Presentation “Data Mining 101” @ Santander

I had a talk “Data Mining Toolbox” in University of Cantabria, Santander, Spain organized by meetup group “Data Science Santander” on November 9th, 2017

It was my first public presentation on this topic where I accumulated some my experience in html data extraction and processing.

Code snippets used in presentation

For convenient access I put all code snippets below instead of creating new repo on github

Basic example with reddit

$('.thing.link').map((k, i) => {
   var i = $(i);
   return {
       title: i.find(".title a.title").text(),
       url: i.find(".title a.title").attr("href"),
       score: i.find(".score.unvoted").text(),
       subreddit: i.find(".subreddit").text()
   }
}).toArray()

And

window.open().document.write(JSON.stringify(a))

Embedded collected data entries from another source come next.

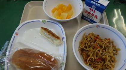 10月15日の給食は・・・ 公開日 2021/10/15 更新日 2021/10/15 お知らせ 10月15日の給食は、焼きそば、米粉パン、ぎょうざ、フルーツあえ、牛乳でした。子どもたちの大好きなメニューです。明日の運動会に向けて、もりもり食べました。
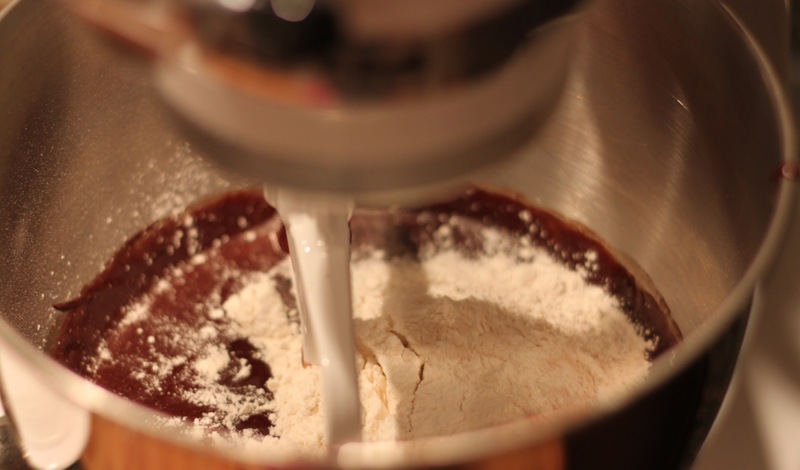 Slowly incorporate the cake flour into the chocolate mixture. Don’t overmix here! Stop right when the flour has all mixed into the chocolate.
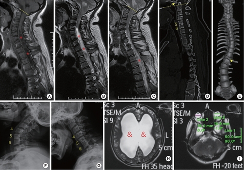 phenotypes of the patient with a premature stop codon of BEST1 gene (p.S79Ffs*153). (A–C) Sagittal magnetic resonance imaging (MRI) revealed Chiari malformation (cerebellar tonsil exceeding the foramen magnum, yellow line) and extensive syringomyelia (red stars) at cervical and thoracic segments. (D–G) Computed tomography and x-ray showed assimilation of atlas (arrow), basilar invagination (odontoid process above the chamberlian line, yellow dotted line), Klippel-Feil malformation (fusion of C5 and C6 vertebrae), butterfly vertebra at T12 (arrow head) and scoliosis. (H, I) MRI of the head indicated hydrocephalus (&) and microphthalmia (diameter of eyeball is smaller than 20 mm). |
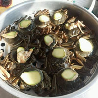 大闸蟹做法之咸肉蒸蟹
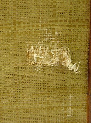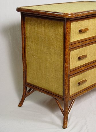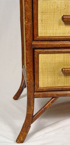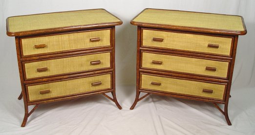 PAIR OF ART DE CHENE CHEST OF DRAWERS: Grass paper and faux bamboo contemporary chests of three drawers. 31'' x 24'' x 21 1/2''.
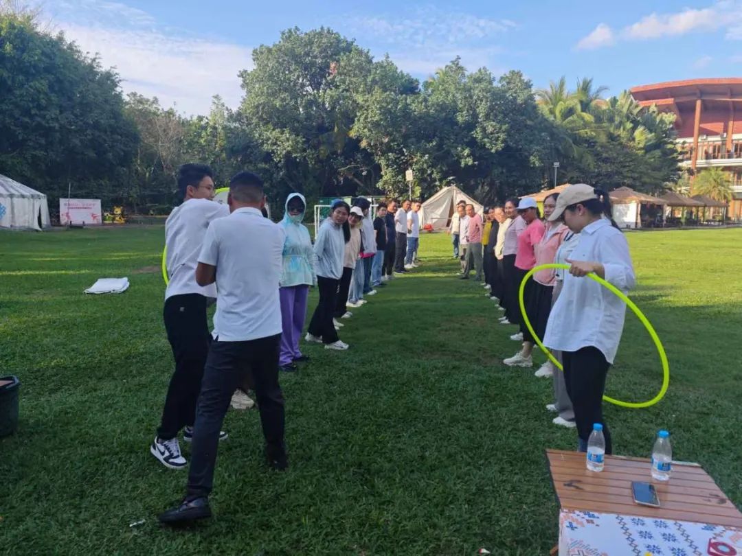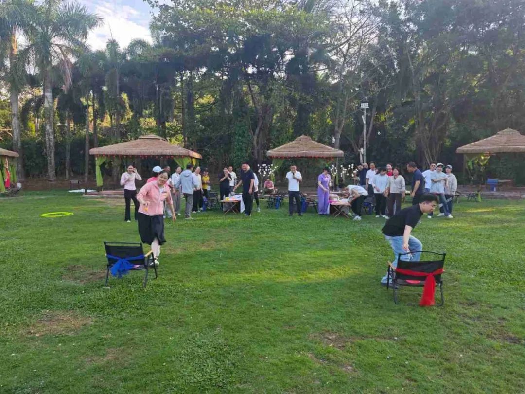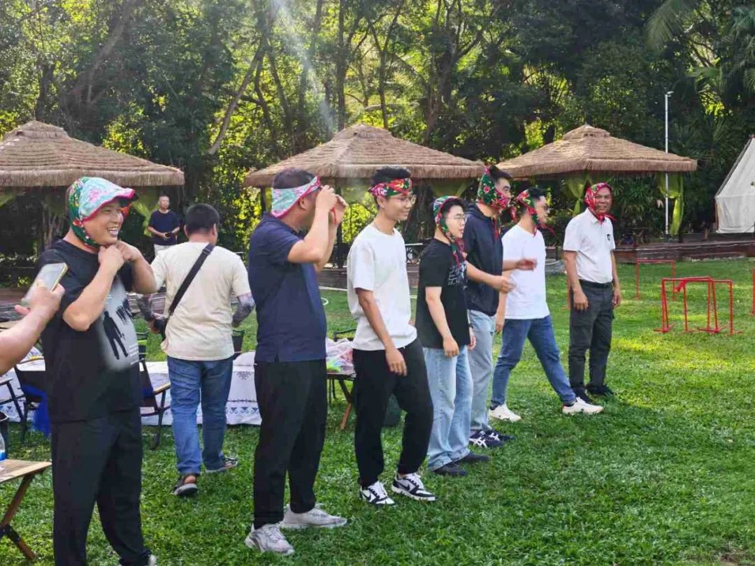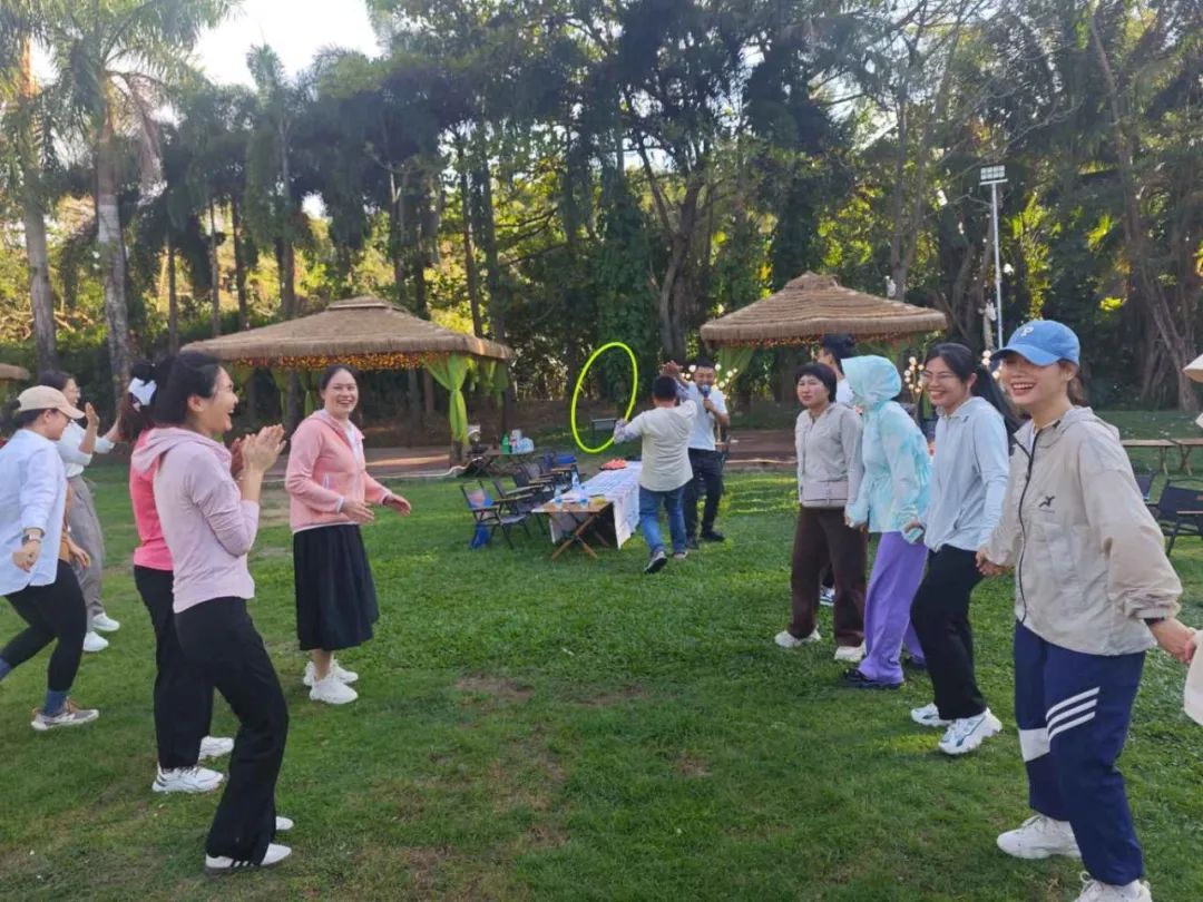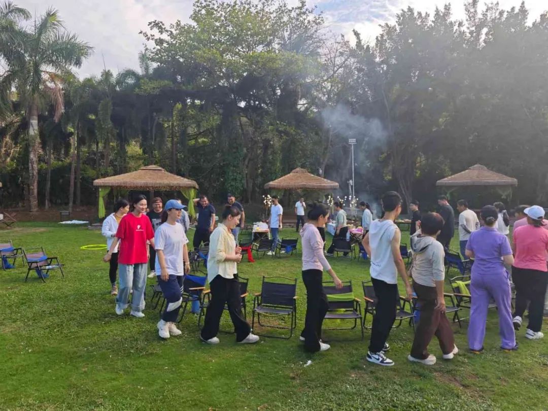 當日午后,全體員工滿懷期待地齊聚在團建活動場地?;顒右潦?,一系列妙趣橫生的暖場小游戲迅速點燃了現(xiàn)場的熱烈氛圍。在“四平八穩(wěn)”“筷子夾球”“草坪龍舟”“重走長征路”等游戲中,展現(xiàn)出了高度的團隊精神和競技熱情。這些小游戲不僅讓大家在輕松愉快的氛圍中迅速消除了工作中的疲憊與壓力,更讓大家深刻體會到了團隊協(xié)作的重要性,為后續(xù)的活動奠定了良好的基礎(chǔ)。
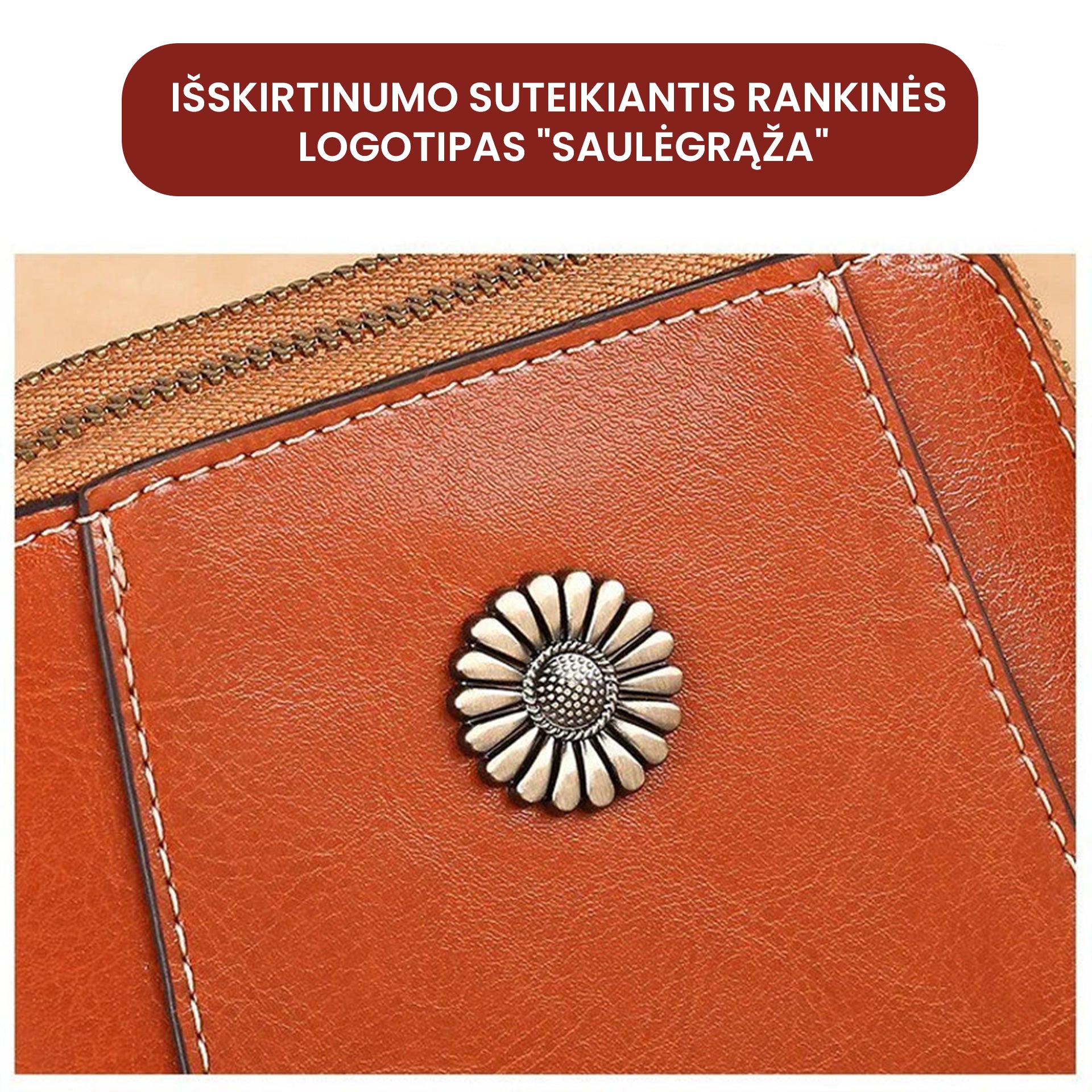 - Rankinės struktūra: 2 pagrindiniai skyriai, 1 užtraukiama kišenė, 4 kortelių įdėklai.
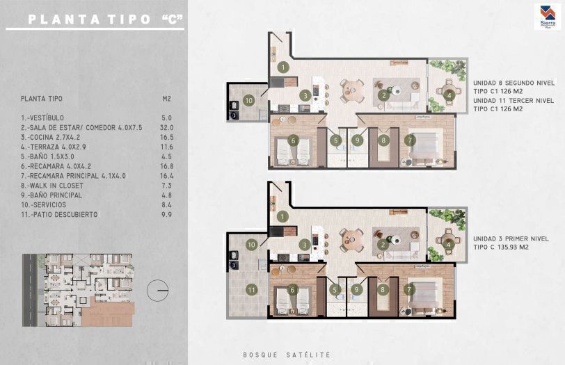 Bosque Satélite é um projeto vertical que consiste em 13 residências exclusivas de alta qualidade, projetadas e construídas com cuidado em cada detalhe, pensando na eficiência e conforto de seus espaços dentro de uma área desejada, na conveniência de uma localização consolidada com todos os serviços; centros comerciais e de entretenimento, acessibilidade e mobilidade urbana, educação, cultura e esporte ao alcance, centros de saúde de primeira.
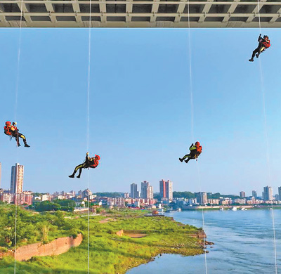 日前,四川省泸州市消防救援支队在长江泸州纳溪段开展水域救援专业训练。
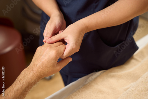 Masseuse in aesthetic medicine clinic kneads the fingers of patient
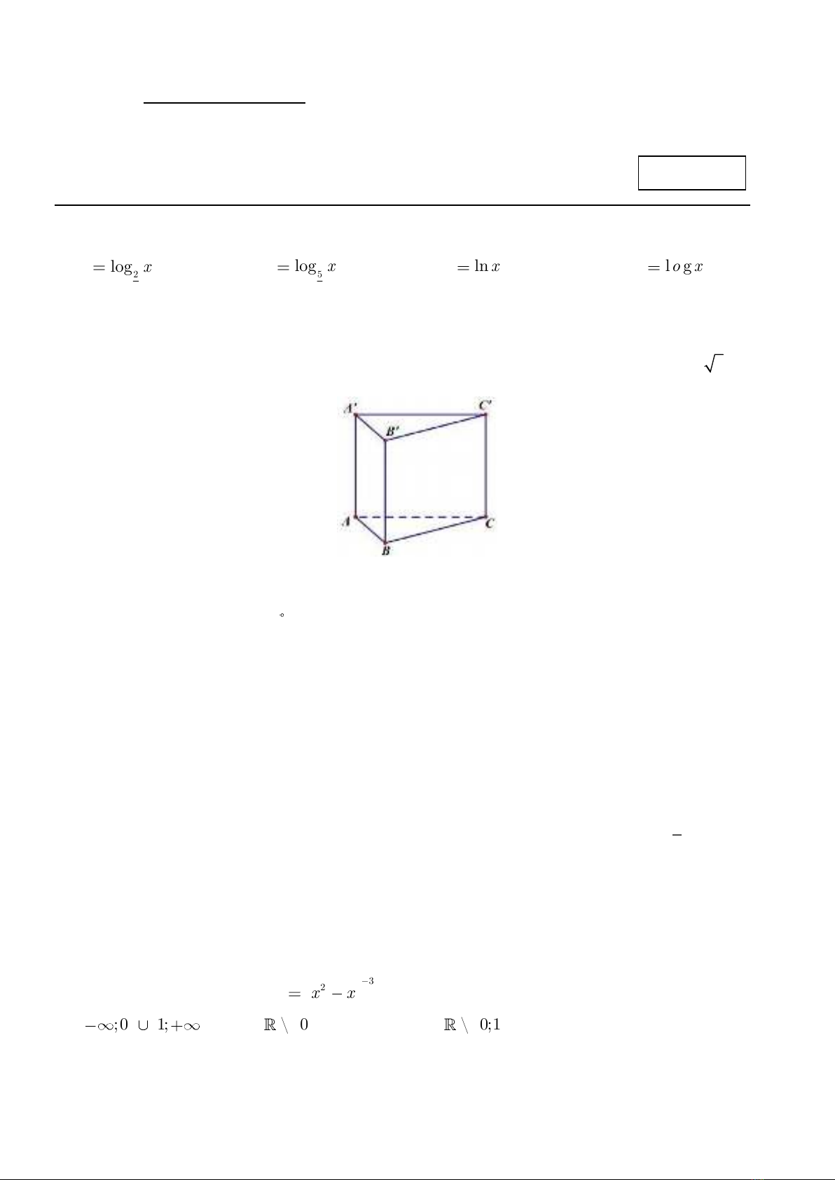 Câu 31. Cho khối lăng trụ có diện tích đáy là

To create new browser window and put there json representation of the javascript array

Pagination in reddit

As it was shown it is possible to parse not only currently loaded page in the browser but get number of the pages

function _page(n, afterId) {
   $.get("https://www.reddit.com/?count=10&after=" + afterId, data => {
       var result = $(data).find('.thing.link').map((k, i) => {
           var i = $(i);
           return {
               id: i.attr('data-fullname'),
               title: i.find("p.title a.title").text(),
               url: i.find("p.title a.title").attr("href"),
               score: i.find(".score.unvoted").text(),
               subreddit: i.find(".subreddit").text()
           }
       }).toArray()
       console.log("page", n, "=>", result)
       a.push(result);
       if (n <= 0) return;
       _page(n - 1, result[result.length-1].id)
   })
}

Code snippet from real project

Code snippet bellow potentially can get extract from the StackOverflow job page including tags and optional salary

    fun fetchRecentPage(): List<StackOverflowJob> {
        val jobs = jsoupGetDocument(url).select(".jobs .listResults > div[data-jobid]")
        return jobs.map {
            val job = StackOverflowJob(
                wipeoutHtml(it.attr("data-jobid").trim()),
                normalizeUrl(wipeoutHtml(it.select(".-title a.job-link").attr("href").trim())),
                it.select(".-title h2").first()?.text()!!,
                it.select("p.description").text()
            )
            job.location = it.select("li.location")?.text()?.trim()
            job.tags = it.select(".tags a").orEmpty().mapNotNull {
                it.text()?.trim()?.let { wipeoutHtml(it) }
            }
            job.company = it.select("li.employer").first()?.text()?.trim()
            job.salary = it.select(".salary").first()?.text()?.trim()
            job
        }
    }

In this example kotlin and jsoup are used